▶ **SOURCE MATERIAL**:
===

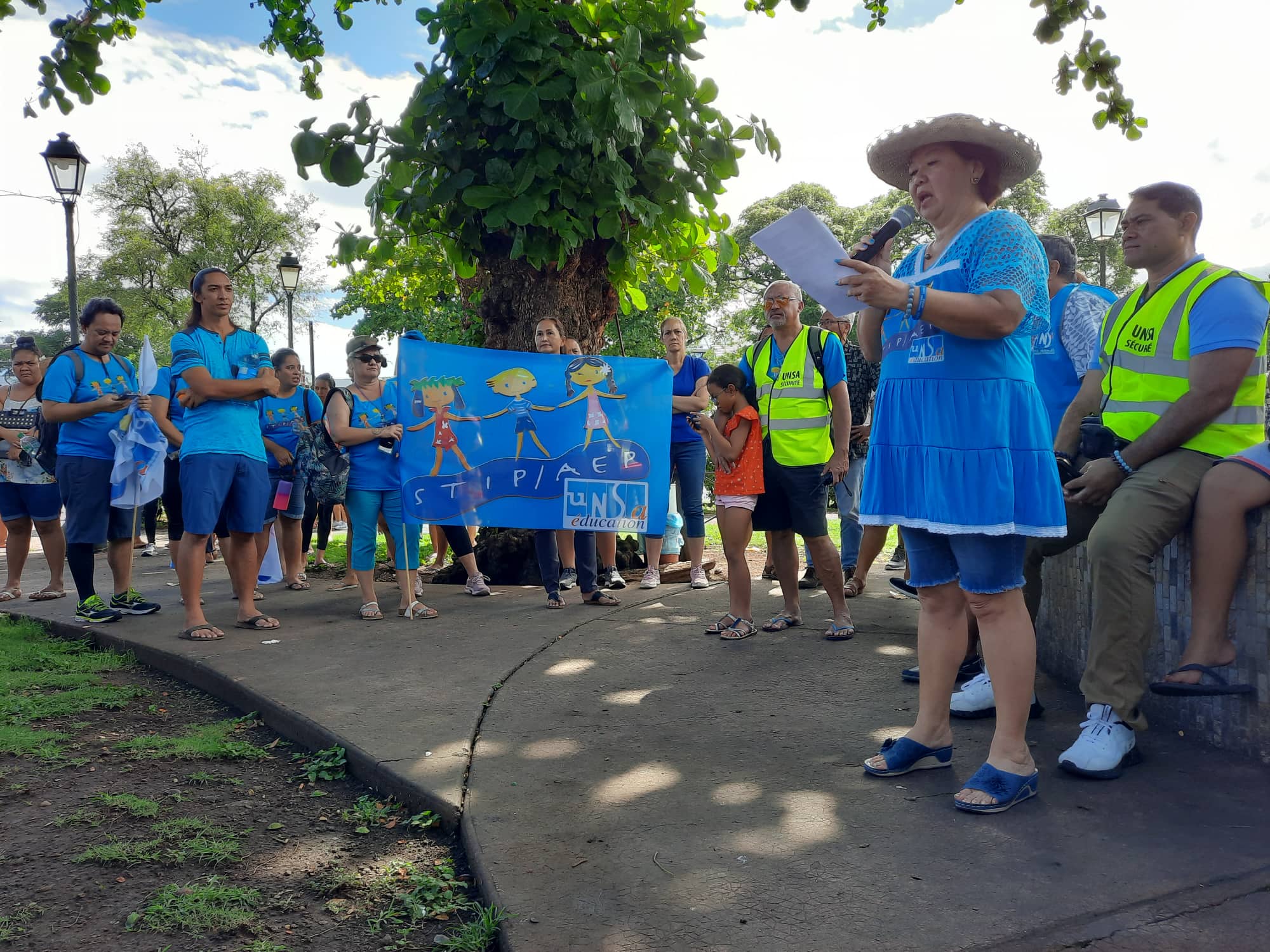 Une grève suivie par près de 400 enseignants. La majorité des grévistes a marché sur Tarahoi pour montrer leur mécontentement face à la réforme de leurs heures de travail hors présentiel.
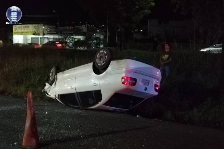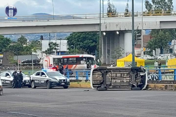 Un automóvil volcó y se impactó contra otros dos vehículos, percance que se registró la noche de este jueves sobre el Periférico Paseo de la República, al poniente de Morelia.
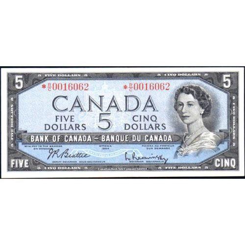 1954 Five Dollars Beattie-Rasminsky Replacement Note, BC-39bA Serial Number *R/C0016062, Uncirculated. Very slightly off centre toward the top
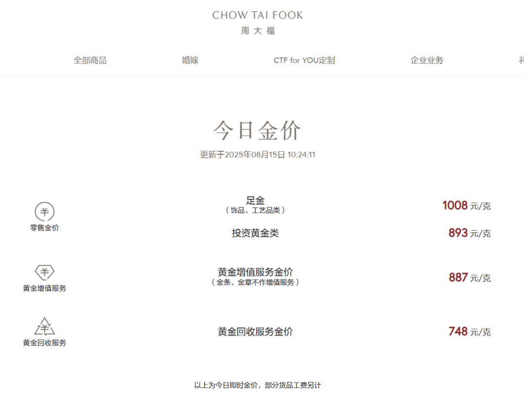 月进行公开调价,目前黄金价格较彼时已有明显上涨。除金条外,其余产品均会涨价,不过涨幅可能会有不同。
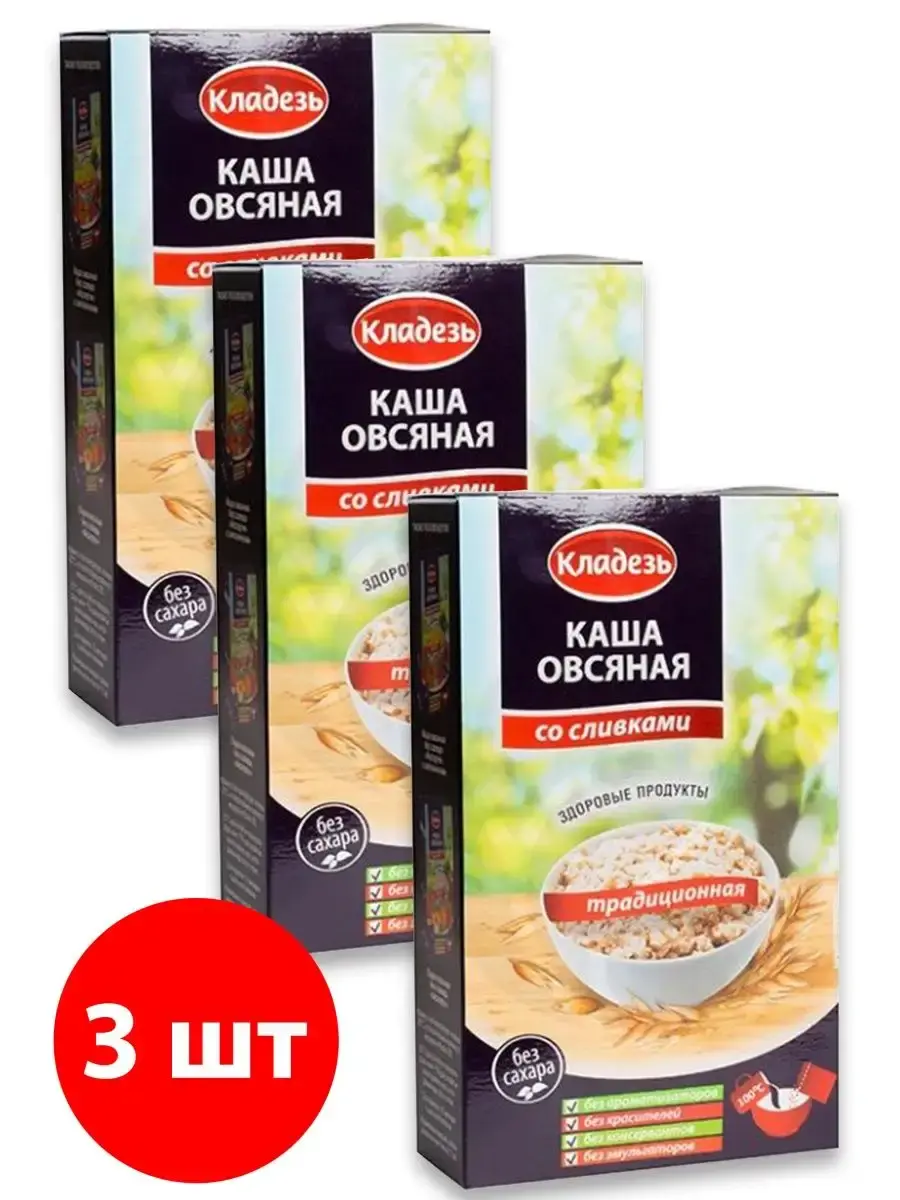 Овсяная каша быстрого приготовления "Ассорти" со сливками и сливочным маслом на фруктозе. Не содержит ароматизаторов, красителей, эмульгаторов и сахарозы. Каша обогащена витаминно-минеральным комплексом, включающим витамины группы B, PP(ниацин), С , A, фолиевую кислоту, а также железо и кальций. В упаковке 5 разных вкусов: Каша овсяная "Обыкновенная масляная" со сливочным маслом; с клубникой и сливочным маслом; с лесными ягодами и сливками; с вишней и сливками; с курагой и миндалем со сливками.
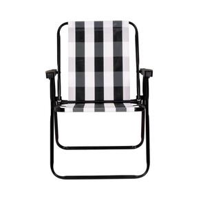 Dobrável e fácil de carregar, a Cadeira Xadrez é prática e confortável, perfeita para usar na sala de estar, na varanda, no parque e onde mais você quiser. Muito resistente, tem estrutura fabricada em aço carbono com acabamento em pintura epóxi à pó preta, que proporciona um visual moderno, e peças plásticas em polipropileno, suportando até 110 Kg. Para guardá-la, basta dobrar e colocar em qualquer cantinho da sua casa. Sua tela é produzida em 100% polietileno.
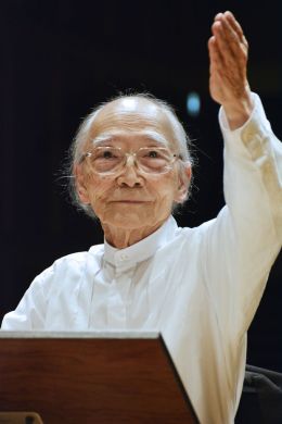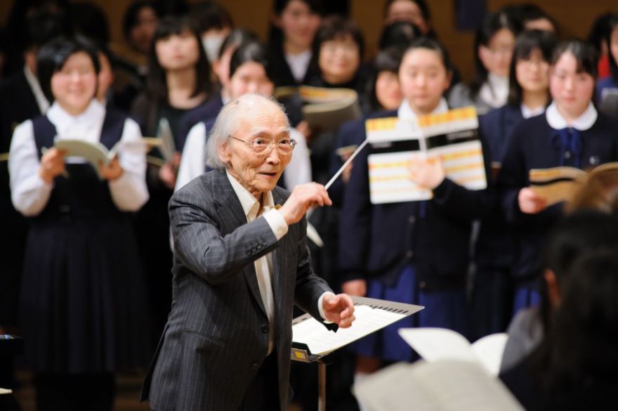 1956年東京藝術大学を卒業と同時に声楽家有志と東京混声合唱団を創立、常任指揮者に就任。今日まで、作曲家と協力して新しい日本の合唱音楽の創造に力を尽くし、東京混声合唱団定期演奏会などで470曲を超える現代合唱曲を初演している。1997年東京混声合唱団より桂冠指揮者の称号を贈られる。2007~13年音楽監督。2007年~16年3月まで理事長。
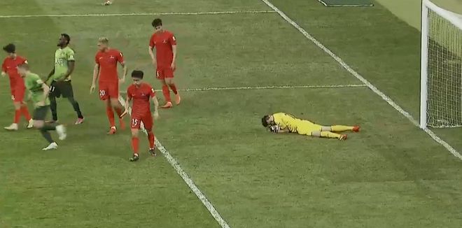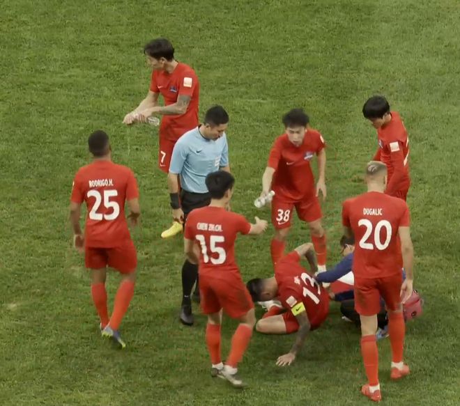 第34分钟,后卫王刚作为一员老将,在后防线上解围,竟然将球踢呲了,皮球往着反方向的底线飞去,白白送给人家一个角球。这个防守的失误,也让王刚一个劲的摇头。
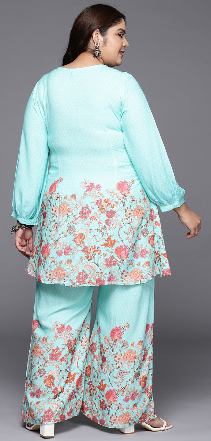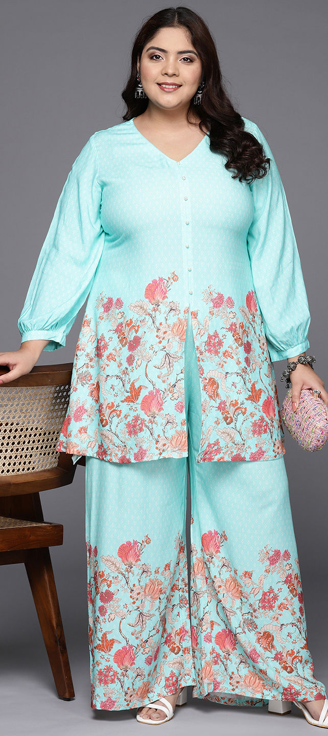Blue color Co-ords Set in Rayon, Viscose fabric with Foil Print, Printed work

===

▶ **REQUIREMENT**: When you reach the line that contains "Овсяная каша быстрого", start copying the listing word for word and stop only after its last line, without any pictures.

▶ **REPLY TO THE TASK**:
 Овсяная каша быстрого приготовления "Ассорти" со сливками и сливочным маслом на фруктозе. Не содержит ароматизаторов, красителей, эмульгаторов и сахарозы. Каша обогащена витаминно-минеральным комплексом, включающим витамины группы B, PP(ниацин), С , A, фолиевую кислоту, а также железо и кальций. В упаковке 5 разных вкусов: Каша овсяная "Обыкновенная масляная" со сливочным маслом; с клубникой и сливочным маслом; с лесными ягодами и сливками; с вишней и сливками; с курагой и миндалем со сливками.
 Dobrável e fácil de carregar, a Cadeira Xadrez é prática e confortável, perfeita para usar na sala de estar, na varanda, no parque e onde mais você quiser. Muito resistente, tem estrutura fabricada em aço carbono com acabamento em pintura epóxi à pó preta, que proporciona um visual moderno, e peças plásticas em polipropileno, suportando até 110 Kg. Para guardá-la, basta dobrar e colocar em qualquer cantinho da sua casa. Sua tela é produzida em 100% polietileno.
 1956年東京藝術大学を卒業と同時に声楽家有志と東京混声合唱団を創立、常任指揮者に就任。今日まで、作曲家と協力して新しい日本の合唱音楽の創造に力を尽くし、東京混声合唱団定期演奏会などで470曲を超える現代合唱曲を初演している。1997年東京混声合唱団より桂冠指揮者の称号を贈られる。2007~13年音楽監督。2007年~16年3月まで理事長。
 第34分钟,后卫王刚作为一员老将,在后防线上解围,竟然将球踢呲了,皮球往着反方向的底线飞去,白白送给人家一个角球。这个防守的失误,也让王刚一个劲的摇头。
Blue color Co-ords Set in Rayon, Viscose fabric with Foil Print, Printed work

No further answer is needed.